Due to me adding a huge generated rulegroup that suggests the most common alternative for a plural, the amount of rules in the grammar file grew from around 1600 to about 8000. And there is more where this comes from.
Apart from not able to edit comfortably anymore in the IDE, there might be more consequences. If any of these are detected, please inform me.

Could I have those generated rule sets in a kind of include in the grammar.xml?

One consequence is that checking becomes slower. What do these auto-generated rules look like?

Of course. But quality always takes time. There are multiple types of rules:

        <rule>
            <pattern>
                <marker>
                    <token>aanbestedingsplatformen</token>
                </marker>
            </pattern>
            <message>Het gebruikelijker meervoud voor 'aanbestedingsplatformen' is <suggestion>aanbestedingsplatforms</suggestion>.</message>
            <example correction="aanbestedingsplatforms">Ik vind <marker>aanbestedingsplatformen</marker> ongebruikelijk.</example>
        </rule>

And the other one (so far) is

        <rule>
            <pattern>
                <marker>
                    <token inflected="yes">liberalisatie</token>
                </marker>
            </pattern>
            <message>Een gebruikelijker woord voor 'liberalisatie' is 'liberalisering'.</message>
            <example type="incorrect">Ik vind <marker>liberalisatie</marker> ongebruikelijk.</example>
            <example>Een gebruikelijker woord is <marker>liberalisering</marker>.</example>
        </rule>

These rules are generated when the word frequency of both equivalent forms differ quite a bit.
But if they don’t differ that much, they will be consistency checking pairs.

So either way, they will have an effect on performance.

Of course there is an option to default switch off the rule. But I could also limit the amount of rules being generated using word frequency, reducing the quality.

What is your idea?

But having this list as a Java rule might be much faster. Also, you don’t have the issue with the XML becoming huge. If you send me the new XML by email, I can test its effects on performance.

Okay, I will.

I understand. But there will be multiple rules:
More common ,
plural, gaven vs gaven, does not need regexp
diminutive, kindjes vs kindertjes, needs regexp for last s, or more entries
More common synonyms reservering vs reservatie, boekenworm vs bookworm, fiets vs rijwiel
Form with or without concatenating s: drugstest vs drugtest.

Or… one data file with flag, and multiple messages possible, either in code, or in configurating header or file.

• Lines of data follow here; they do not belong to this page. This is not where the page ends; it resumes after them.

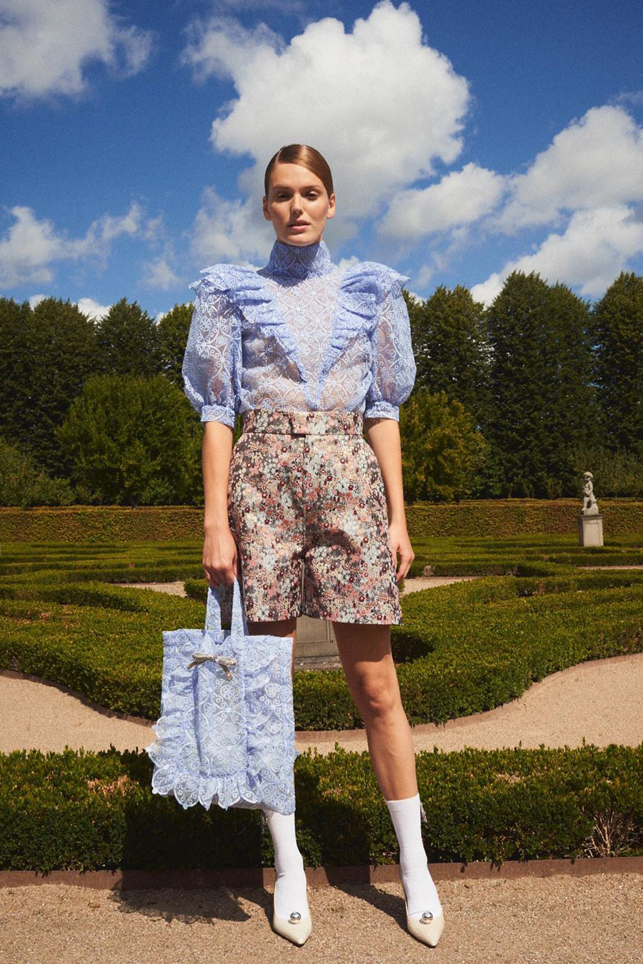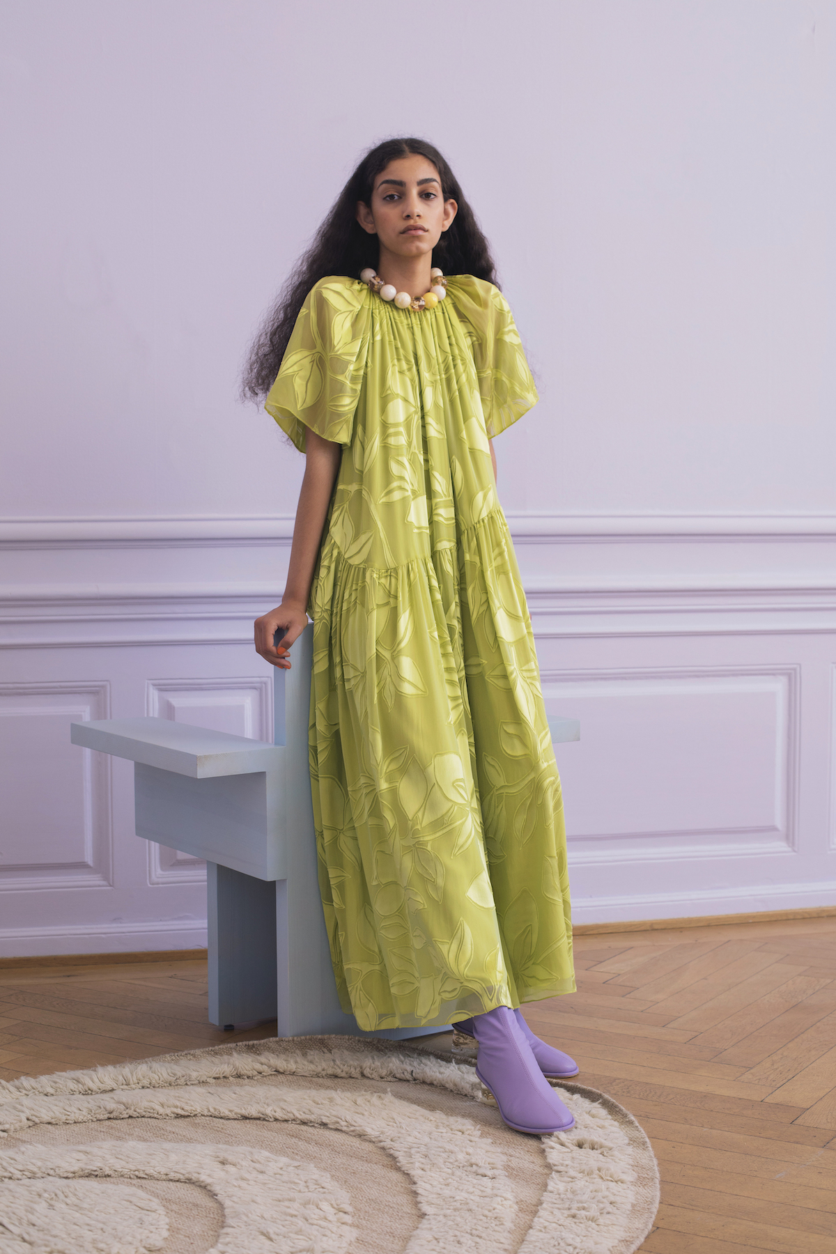 At Rixo, lime green with faint touches of lilac was used for a vintage-inspire floral print; Henrik Vibskov used a textured mint green with a graphic pastel purple print; Lovechild 1979 favored a pastel with violet undertones for its show-stopping coat, worn by the delightful Anna Von Rueden; Brøgger had a sheer, acerbic take for its floaty summer dresses; as ever, Stine Goya drew with every color in the crayon box in reiterating their commitment to a more inclusive and representational narrative, but used mints, lavenders, and acid brights heavily to capture its Fauvist movement-inspired collection.
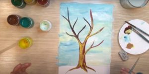 - Около дървото можете да създадете среда. Например, под земята нарисувайте падналите листа в оранжево и жълто, дори можете да използвате червеникави нюанси. Зад красиво оцветеното дърво с неговите фини детайли можете да нарисувате сиво-син фон - небето.
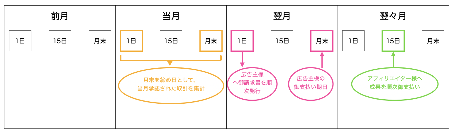 - 当社は、毎月の末日までに承認された成果の報酬について、翌々月の15日にアフィリエイターに振込の方法により支払いを行うものとする。ただし、成果報酬の支払日である15日が金融機関の休日にあたる場合は翌営業日を支払日とする。広告主様へのご利用料金のご請求およびアフィリエイターへの入金スケジュールを下図に示す。

Results - all times are milliseconds per sentence, on average:

  • the grammar.xml in git: 25ms
  • the grammar.xml in git, without ONGEBRUIKELIJK_MEERVOUD: 22ms
  • the file you sent me: 30ms
  • the file you sent me, without UNUSUAL_WORDS: 23ms

So while UNUSUAL_WORDS adds 25% or so runtime, I think this is still okay. Ukrainian splits its rules into several files, if you want, we can do that for Dutch, too (requires small change to Dutch.java).

That might be an idea for managability reasons. I will have a look at Ukr first, to see what it looks like.

Here’s another measurement, which looks worse, but I guess we can live with it:

https://languagetool.org/regression-tests/performance-nl.png

Okay. It is all in the Java rule now.

There are a lot of (almost equally frequent) spelling variations of more words. I am in doubt of adding those to the consistency rule, since i read the report it might slow things down for larger documents.

Will have to find a test for that.